> Exercise aim
Return the line that has "Giubbotto invernale da" and all lines below it through the last, exactly as they stand; omit pictures.

━━━ Supplied data ━━━

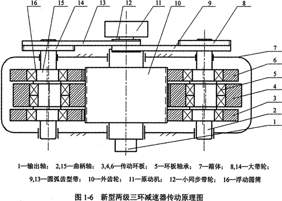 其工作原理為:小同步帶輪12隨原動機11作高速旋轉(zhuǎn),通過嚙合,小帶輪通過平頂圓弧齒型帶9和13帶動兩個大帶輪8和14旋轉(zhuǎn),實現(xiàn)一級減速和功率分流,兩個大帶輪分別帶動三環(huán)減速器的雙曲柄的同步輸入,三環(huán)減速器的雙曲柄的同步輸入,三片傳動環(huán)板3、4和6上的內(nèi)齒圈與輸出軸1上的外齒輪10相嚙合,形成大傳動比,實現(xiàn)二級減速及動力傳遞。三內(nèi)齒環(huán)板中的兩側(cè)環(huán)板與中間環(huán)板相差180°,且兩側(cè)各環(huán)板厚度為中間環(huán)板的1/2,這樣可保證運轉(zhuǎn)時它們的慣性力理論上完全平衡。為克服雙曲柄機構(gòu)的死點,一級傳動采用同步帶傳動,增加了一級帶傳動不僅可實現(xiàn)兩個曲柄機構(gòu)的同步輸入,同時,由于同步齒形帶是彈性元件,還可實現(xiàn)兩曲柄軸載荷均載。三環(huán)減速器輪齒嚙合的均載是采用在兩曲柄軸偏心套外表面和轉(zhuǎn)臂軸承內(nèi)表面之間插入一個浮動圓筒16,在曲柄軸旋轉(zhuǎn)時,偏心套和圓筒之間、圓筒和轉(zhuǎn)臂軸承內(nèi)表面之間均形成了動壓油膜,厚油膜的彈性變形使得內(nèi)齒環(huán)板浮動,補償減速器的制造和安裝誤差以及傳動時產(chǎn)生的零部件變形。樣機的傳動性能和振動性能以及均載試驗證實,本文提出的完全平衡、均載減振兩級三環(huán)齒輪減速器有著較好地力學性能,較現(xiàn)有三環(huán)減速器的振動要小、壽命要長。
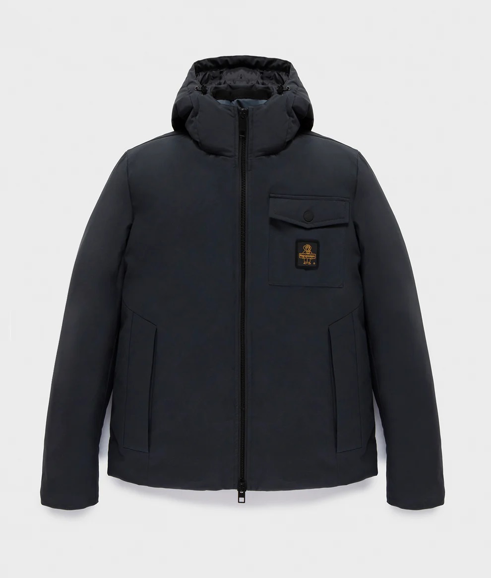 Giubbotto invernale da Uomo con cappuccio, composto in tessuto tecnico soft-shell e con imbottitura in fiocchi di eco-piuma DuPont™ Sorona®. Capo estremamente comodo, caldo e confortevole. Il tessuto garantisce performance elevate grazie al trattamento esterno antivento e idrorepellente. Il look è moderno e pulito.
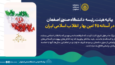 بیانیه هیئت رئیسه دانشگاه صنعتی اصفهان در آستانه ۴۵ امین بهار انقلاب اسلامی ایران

━━━

> Problem solution
 Giubbotto invernale da Uomo con cappuccio, composto in tessuto tecnico soft-shell e con imbottitura in fiocchi di eco-piuma DuPont™ Sorona®. Capo estremamente comodo, caldo e confortevole. Il tessuto garantisce performance elevate grazie al trattamento esterno antivento e idrorepellente. Il look è moderno e pulito.
 بیانیه هیئت رئیسه دانشگاه صنعتی اصفهان در آستانه ۴۵ امین بهار انقلاب اسلامی ایران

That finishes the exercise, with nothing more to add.